The point of Form CRS, which started being given to investment clients in mid-2020, is to give individual investors information about the broker-dealer firm’s background and any past legal and disciplinary problems, and to detail fees, commissions, and other information that can be used to evaluate and compare potential investment managers.

How Does Form CRS Work?

The SEC’s Regulation Best Interest rule requires that broker-dealers and registered investment advisors provide clients with the Form CRS. The relationship summary includes the following information:

The relationships the firm maintains and what services it offers; The fees, costs, potential conflicts of interest, and the standard of conduct for advisors; The reported disciplinary and legal history of the firm and its individual advisors; Ways to get more information about the firm and its investment advisors, questions investors should ask about working with an advisor, and an SEC link with additional client resources. 
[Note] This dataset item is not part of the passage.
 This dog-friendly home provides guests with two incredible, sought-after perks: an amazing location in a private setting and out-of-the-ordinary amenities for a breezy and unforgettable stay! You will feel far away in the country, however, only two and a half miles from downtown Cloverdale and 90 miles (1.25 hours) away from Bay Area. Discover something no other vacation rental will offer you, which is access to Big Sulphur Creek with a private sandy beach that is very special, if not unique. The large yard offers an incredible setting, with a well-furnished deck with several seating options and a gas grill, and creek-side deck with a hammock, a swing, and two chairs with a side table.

The form also discloses the types of fees that are charged, including asset management fees or commissions, and whether potential conflicts of interest exist, such as when an advisor might receive a commission for recommending specific investments.  The form also must describe the rules and regulations that apply to the advisors. Form CRS further discloses whether any disciplinary or legal actions have been taken against the firm and its advisors under SEC rules or by other financial regulators, and tells investors where to find disclosures of those events. Finally, the form will suggest questions to guide an investor in evaluating a potential advisor, such as, “How much would I pay per year for an advisory account?” Form CRS must be presented before placing an order for an individual investor or before opening a brokerage account for an investor. And the firm must issue an updated Form CRS when any information changes materially. For example, here’s a Form CRS from T. Rowe Price Investment Services:  

Similar Disclosure Documents for Investors

Form CRS isn’t the only advisor disclosure document available to investors. 
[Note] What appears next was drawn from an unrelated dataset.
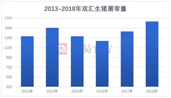 2018年双汇屠宰生猪1630.56万头,同比2017年增长14.27%,为历史屠宰量最高的一年。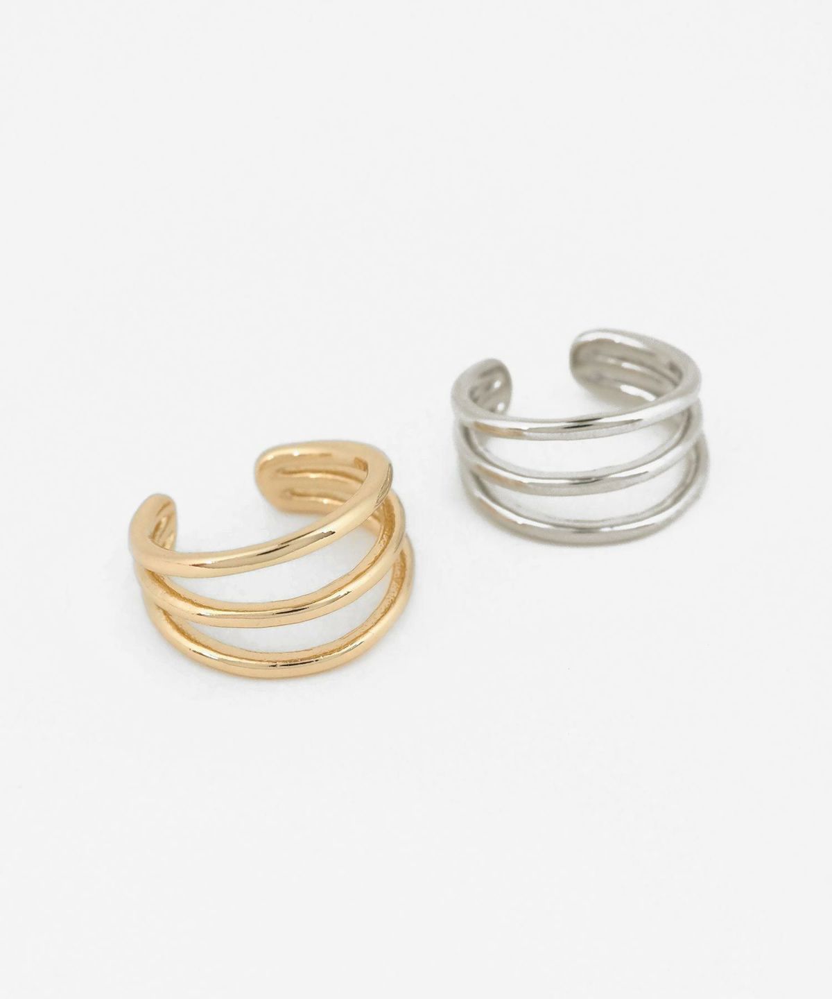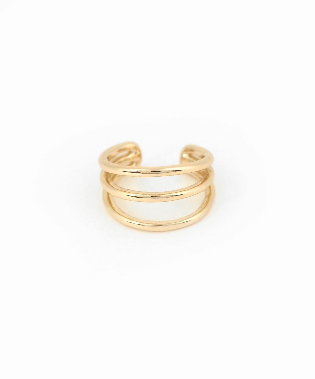 細身のラインを三本重ねた、スマートなフォルムのイヤーカフ。どんなスタイルにも合わせやすく、お手持ちのピアスやイヤリングとの重ね付けもおすすめ。日常のオシャレをさりげなくランクアップさせてくれる、頼れる一点です。ピアスの穴の有無に関わらず楽しめ、コーデ不要でおしゃれが叶います。片耳用です。

Form ADV, which is available on the SEC’s Investment Adviser Public Disclosure (IAPD) website, includes information about the advisor’s business, firm ownership, clients, employees, business practices, affiliations, any disciplinary events, and more. Additional registration forms filed by advisors include Forms U4 and U5, which are used, respectively, to register or terminate individual advisors. Information from those forms is compiled at the BrokerCheck website maintained by the Financial Industry Regulatory Authority (FINRA).

Limitations of Form CRS

Form CRS is helpful, but doesn’t give investors everything they need to know about an investment advisor. Even the SEC stresses that the form is simply a starting point for investors, who are encouraged to check regulatory actions and follow up with specific questions. While the form might disclose that conflicts of interest exist, it isn’t required to explicitly describe them. By the middle of 2021, the SEC had penalized more than two dozen firms for failing to file Form CRS, assessing penalties of more than $97,000 in some cases. The Consumer Federation of America has complained that Form CRS, “does more to obscure than to clarify important differences between brokers and advisers and thus does not support an informed selection among different types of investment professionals.”

Alternatives to Form CRS

There are some other ways to check out a financial advisor beyond Form CRS. 

Investors can search the SEC’s Investment Adviser Public Disclosure database, which contains registration documents filed by investment advisor firms via the Investment Adviser Registration Depository (IARD).   The Department of Labor (DOL) publishes its own list of questions that investors should ask when considering an advisor for retirement accounts. The DOL also offers a guide to understanding retirement plan fee disclosures. Brokers who manage less than $110 million in client assets aren’t required to register with the SEC but must register with their state’s regulatory agency. Contact information for state regulators is published by the North American Securities Administrators Association.